Work instruction: For the records below, copy exactly the span that begins at the line containing "今日はおゆうぎ会のリハーサル" and stops after the line containing "A client’s custom", minus any pictures.

(Beginning of Data)

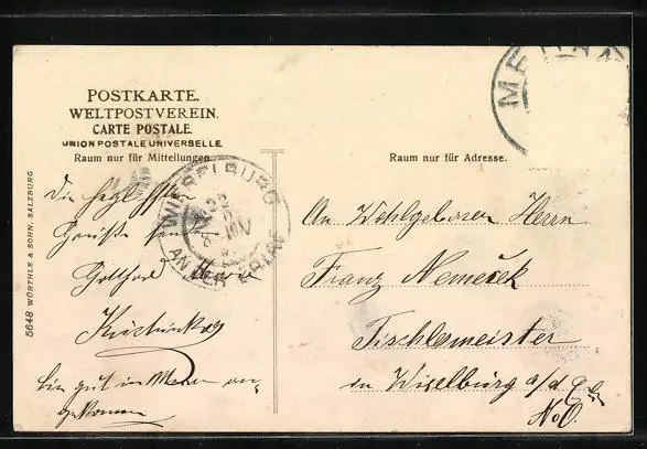 alte Ansichtskarte, gelaufen, Briefmarke entfernt, rückseitig Oberflächenschaden, guter Zustand
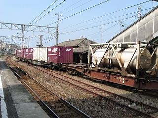 貨物列車が駅舎を隠している。
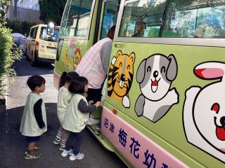 今日はおゆうぎ会のリハーサルの日です。始めにうさぎ組さんとひよこ組さんが文化センターに出発です。大バスに乗って行ってきます。ぱんだ組さん・きりん組さんはおゆうぎ室で練習した後、11時前に出かけます。みんな本番に向けてわくわくしています。
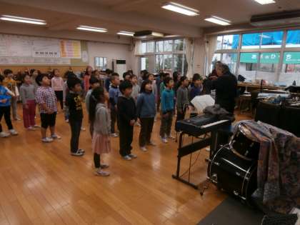 渡辺先生には、地声を出さないきれいな声の出し方と歌い方を指導していただきました。2年生は歌うのが大好きで、とてもきれいな声で歌えるようになり、
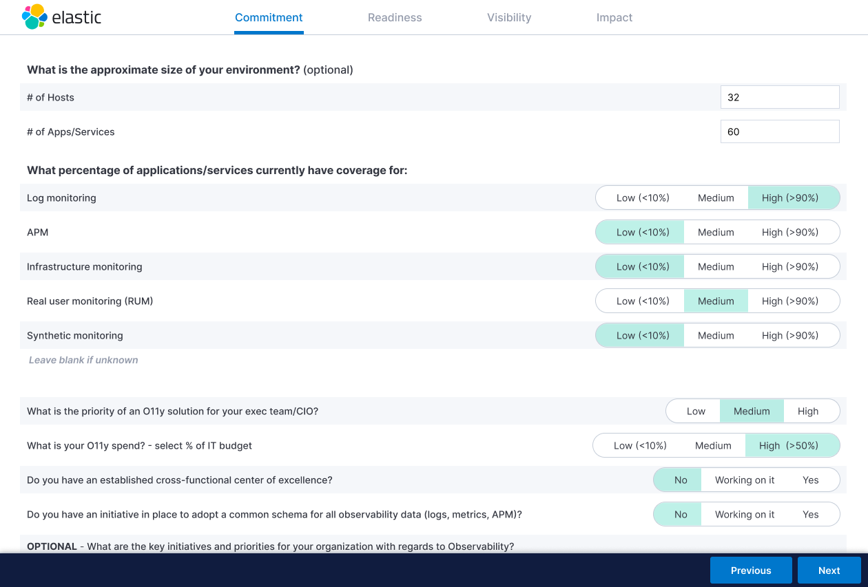 A client’s custom implementation to assess the “maturity level” of its technology clients.
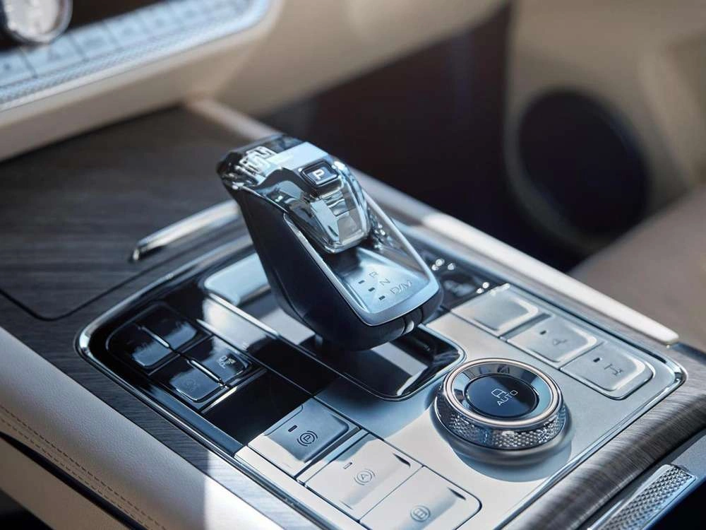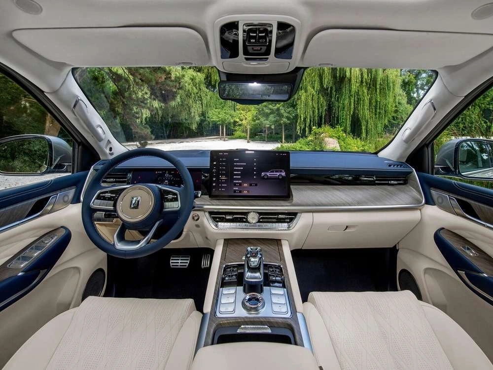 Центральный подлокотник сидений заднего ряда с подстаканниками, отсеком для хранения и сенсорным экраном управления функциями автомобиля
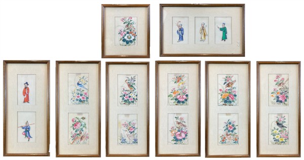 Lotto di otto pannelli con disegni su carta di riso con soggetti diversi. Cina,
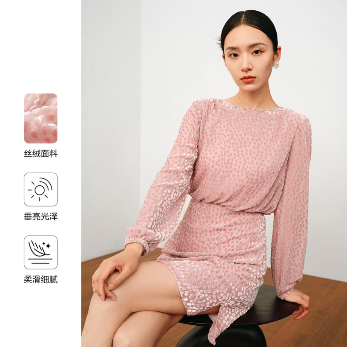 玖姿旗下安娜蔻系列优雅法式复古X型收腰开衩丝绒烧花连衣裙秋季 125900
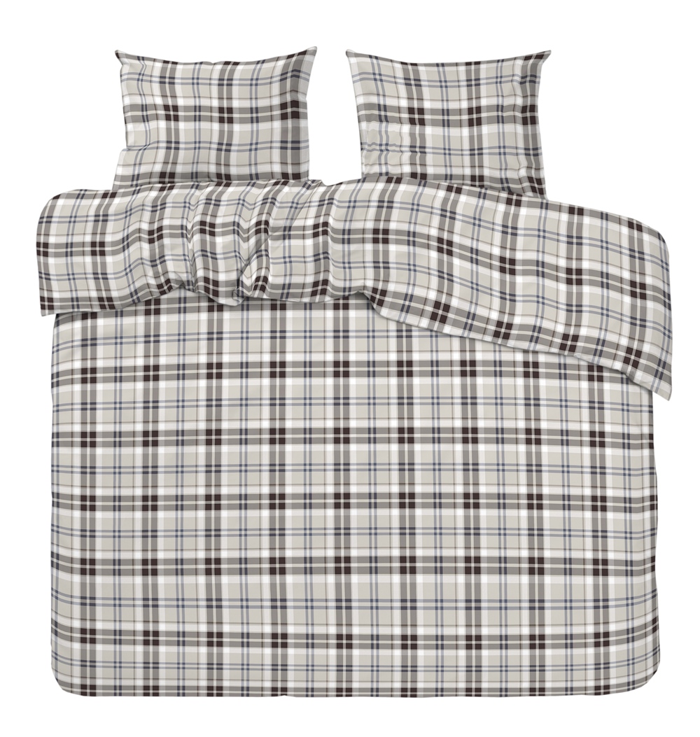 Påslakanset dubbeltäcke Trysil från Redlunds i härlig bomullsflanell som ger extra värme och mysighet. Setet är tillverkat i 100% BCI bomull, som bidrar till en mer hållbar bomullsodling. Det har ett tidlöst rutigt mönster i dämpade toner av blått, brunt och beige, vilket skapar en mysig och lugn atmosfär i sovrummet. Setet är certifierat enligt OEKO-TEX® STANDARD 100, fritt från skadliga ämnen och producerat enligt Amfori för etiska och rättvisa arbetsvillkor.

(End of Data)

Result:
 今日はおゆうぎ会のリハーサルの日です。始めにうさぎ組さんとひよこ組さんが文化センターに出発です。大バスに乗って行ってきます。ぱんだ組さん・きりん組さんはおゆうぎ室で練習した後、11時前に出かけます。みんな本番に向けてわくわくしています。
 渡辺先生には、地声を出さないきれいな声の出し方と歌い方を指導していただきました。2年生は歌うのが大好きで、とてもきれいな声で歌えるようになり、
 A client’s custom implementation to assess the “maturity level” of its technology clients.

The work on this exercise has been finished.